La conversazione è diversa dalle solite. Molto diversa. Una voce rotta da spasmi usa vocaboli orribili, parla di eventi terrificanti, racconta fatti di sangue con agghiacciante verosimiglianza. Il commissario percepisce distintamente il gelo della morte in quella voce ma Lino, il non brillante subalterno che ama i libri polizieschi, convinto si tratti di un mitomane riesce a persuadere il diffidente superiore.
Il telefono di Llob squilla di nuovo, e questa volta dall’altro lato della cornetta c’è il Direttore del distretto: “un ipocrita, leccaculo, pieno di sé, con il merito di rappresentare, lui da solo, tutta la genia dei vigliacchi”. In maniera poco amichevole il capo intima a Llob di abbandonare il dossier 6015, un caso da insabbiare senza discussioni in cui risulta coinvolto un figlio di papà e di quella nuova Algeria prona agli Stati Uniti e all’Europa. A malincuore il commissario è costretto a cedere.
Offeso per non essere stato creduto, insensibile alla quotidianità del reparto di polizia, l’autore della prima chiamata si materializza, appropriandosi con una sola mossa delle paure dell’intera Algeri.

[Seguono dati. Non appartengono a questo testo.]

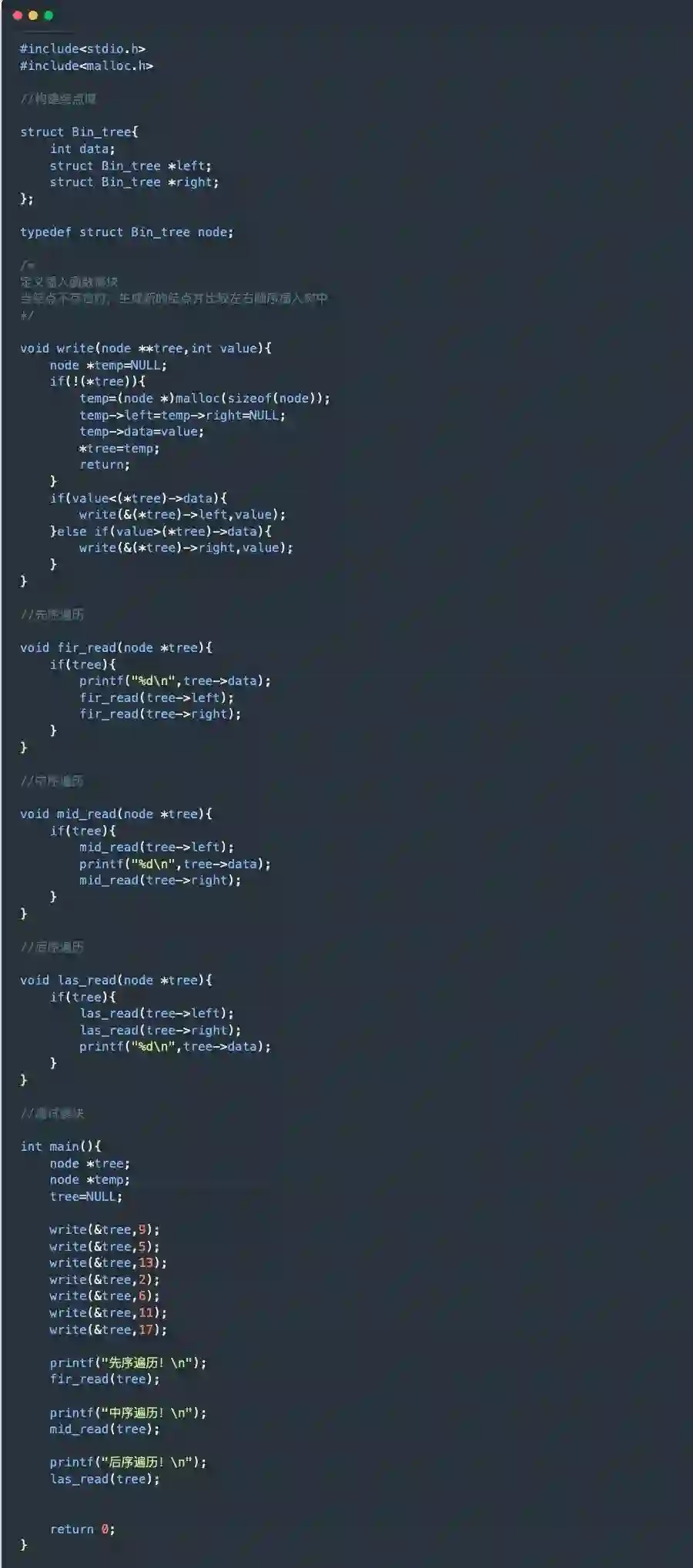 C 语言实现二叉树

Allestisce uno spettacolo che gronda sangue e pezzi di cadavere, uno show grandguignolesco destinato a monopolizzare l’attenzione della stampa e che gli procurerà un inquietante e sgradito soprannome: il Pazzo col Bisturi.
L’oscuro disegno del serial killer si sviluppa seguendo per le vie della città le metafore acrobatiche del commissario Llob/Yasmina Khadra/Mohammed Moulessehoul, artigli che scavano in profondità la nuova Algeri: quella degli shopping mall dove chi parla francese dà del lei e vede l’arabo come la peste, o quella dei bordelli sul lungomare in cui al ritmo della musica raï vengono soddisfatti i desideri carnali degli occidentali e degli algerini facoltosi, in un mercato dove ognuno ha un prezzo.

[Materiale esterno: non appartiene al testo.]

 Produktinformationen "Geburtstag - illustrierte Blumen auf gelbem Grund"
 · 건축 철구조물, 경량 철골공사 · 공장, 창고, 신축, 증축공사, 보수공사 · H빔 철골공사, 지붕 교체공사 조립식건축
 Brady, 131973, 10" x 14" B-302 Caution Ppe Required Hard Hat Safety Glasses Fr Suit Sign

I cadaveri sviscerati si moltiplicano. Pezzi di verità vengono a galla rivelando i volti delle prossime vittime e le motivazioni patologiche dietro la strage. Perché il Pazzo col bisturi non è pazzo per nulla. È spietato e sanguinario ma è anche un freddo calcolatore che tiene in mano i fili della tragica messinscena di cui si è voluto protagonista, intitolata il “Vendicatore col Bisturi” e non quell’altra parola. Un copione studiato alla perfezione, fino all’ultima scena, dove nondimeno s’inserisce un’interferenza imprevedibile: l’istinto da sbirro del commissario Llob.